Ny : Dans le cas présent, nous ne pouvons pas encore identifier des conséquences précises. On parle de 40 tonnes mais est-ce qu’il s’agit de concombres de mer séchés ou à l’état brut ? Nous n’avons pas de données précises sur la capacité de production exacte et/ou approximative de la zone de pêche de Sainte-Marie. Nous n’avons pas non plus d’indicateurs pouvant affirmer ou confirmer l’état de l’exploitation dans la zone tels que le taux de prise journalière, la taille des individus capturés, l’effort de capture… Néanmoins, le chiffre révélé est assez troublant par rapport à la durée et la zone de pêche. De toute manière, les conséquences ne sont pas visibles du jour au lendemain. Elles seront palpables progressivement sur une durée moyenne, disons dans les 2 à 3 ans à venir. L’appauvrissement en oxygène serait la plus conséquente au niveau de l’écosystème. Il engendrerait sans équivoque l’appauvrissement de l’écosystème d’où la diminution de la biomasse à tous les niveaux.

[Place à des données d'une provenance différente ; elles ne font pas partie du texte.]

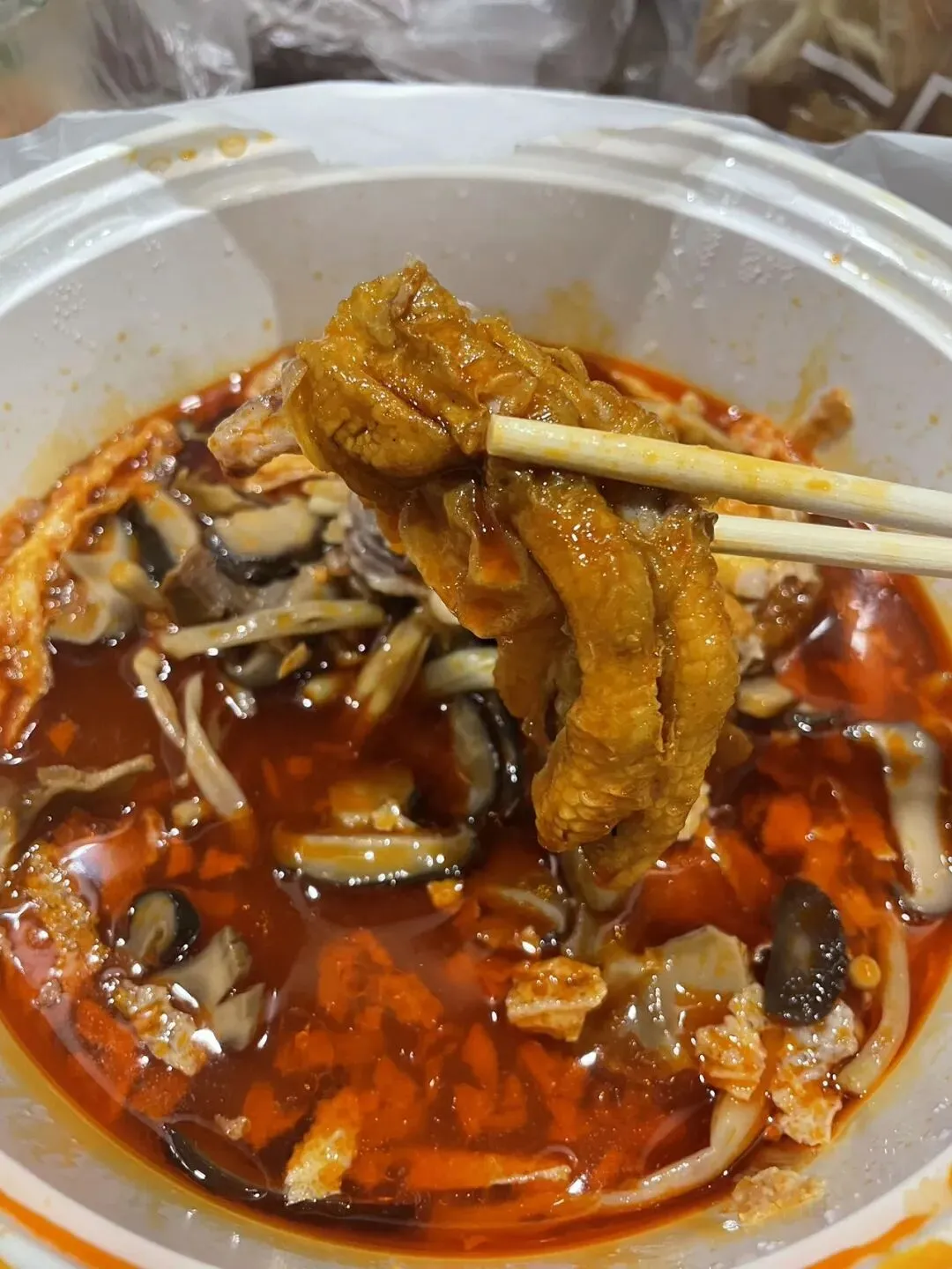 招牌鸭脚就更不用说了,超级软糯,一抿即脱骨。表面浮着的那层辣油,看似通红实则一点都不辣,反而又香又开胃。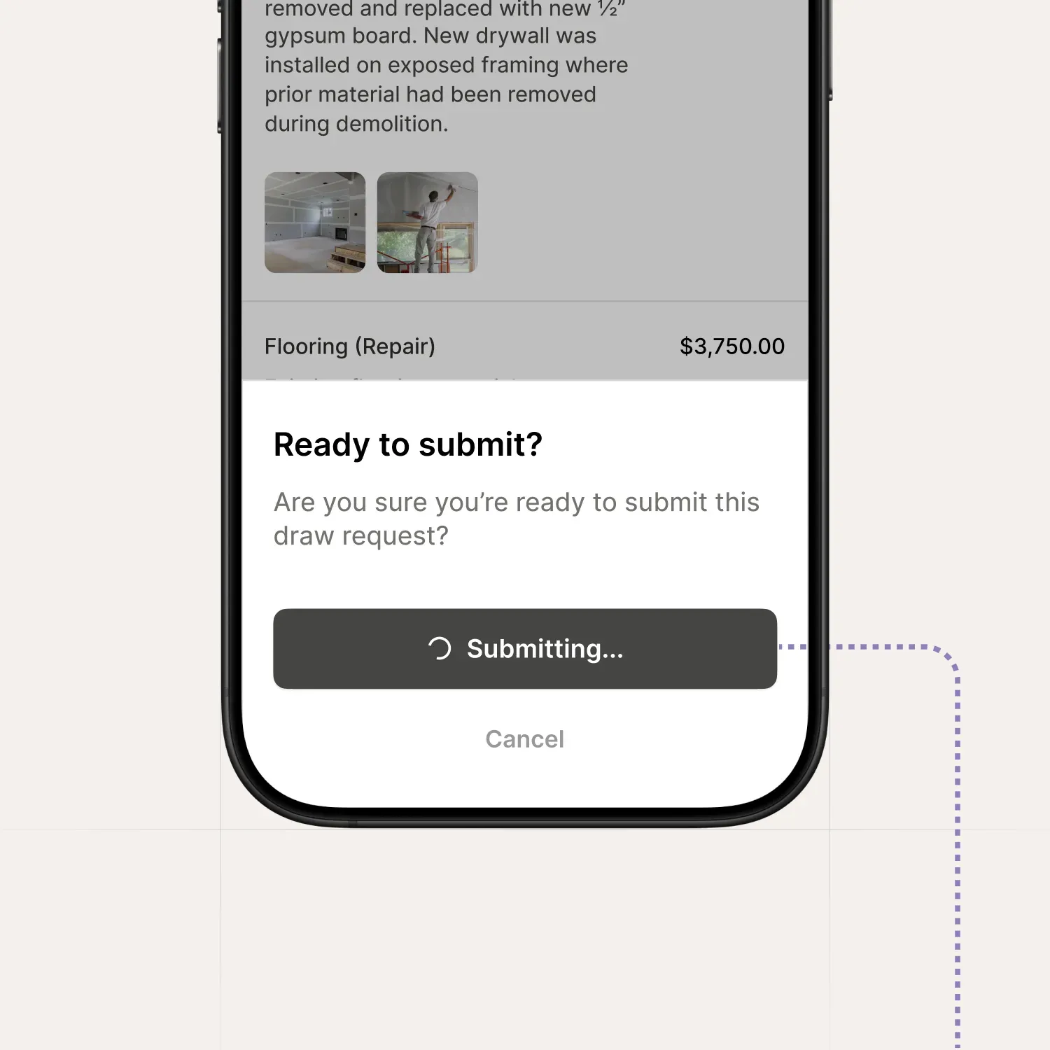 Borrowers submit draw requests through the portal with photos, notes, and line items—each tied directly to the approved budget.

MM : Quelles sont les conditions nécessaires pour restaurer cette richesse et en combien de temps cela pourra se faire?
NY: A ce début du processus d’exploitation, le mieux est d’abord de restaurer une activité de pêche légale. C’est la condition primaire pour assurer une base d’exploitation rationnelle. Ensuite, des études scientifiques pour établir une base de données sur le suivi de la population sauvage d’holothuries dans la zone, ainsi qu’un suivi de la production issue de la pêche. Cette étape est nécessaire pour avoir au moins les données sur les tendances concernant la population et les produits de la pêche. Mettre en place aussi une base de données sur les pêcheurs, plongeurs et collecteurs ayant eu l’autorisation provenant du district et actifs dans la zone de Sainte-Marie. Au niveau du site, élaborer une méthode adéquate pour l’exploitation rationnelle de stock, ceci afin de permettre la régénération de la population après une période de chasse. Cette méthode est par exemple utilisée dans le cas de la chasse et collecte de poulpe dans la région sud-ouest de Madagascar. Il y a aussi la promotion de l’Holothuriculture, une manière encore beaucoup plus rationnelle d’augmenter la production sans mettre de pression sur la population sauvage. Bien que les concombres de mer ne soient pas inscrits dans les annexes de la CITES (Convention sur le commerce international des espèces sauvages menacées d’extinction), l’établissement de quota d’exportation et l’inscription des espèces dans l’annexe III de ladite convention pourraient être d’une grande aide. Ces conditions citées ne sont pas exhaustives. En ce qui concerne le temps que cela pourra prendre, ceci dépend de la volonté politique et la volonté des décideurs. Nous pouvons décider en quelques heures d’émettre une note interdisant l’exploitation mais la mise en œuvre dépendra de la disposition que prendra chaque acteur, allant d’un ministre aux pêcheurs.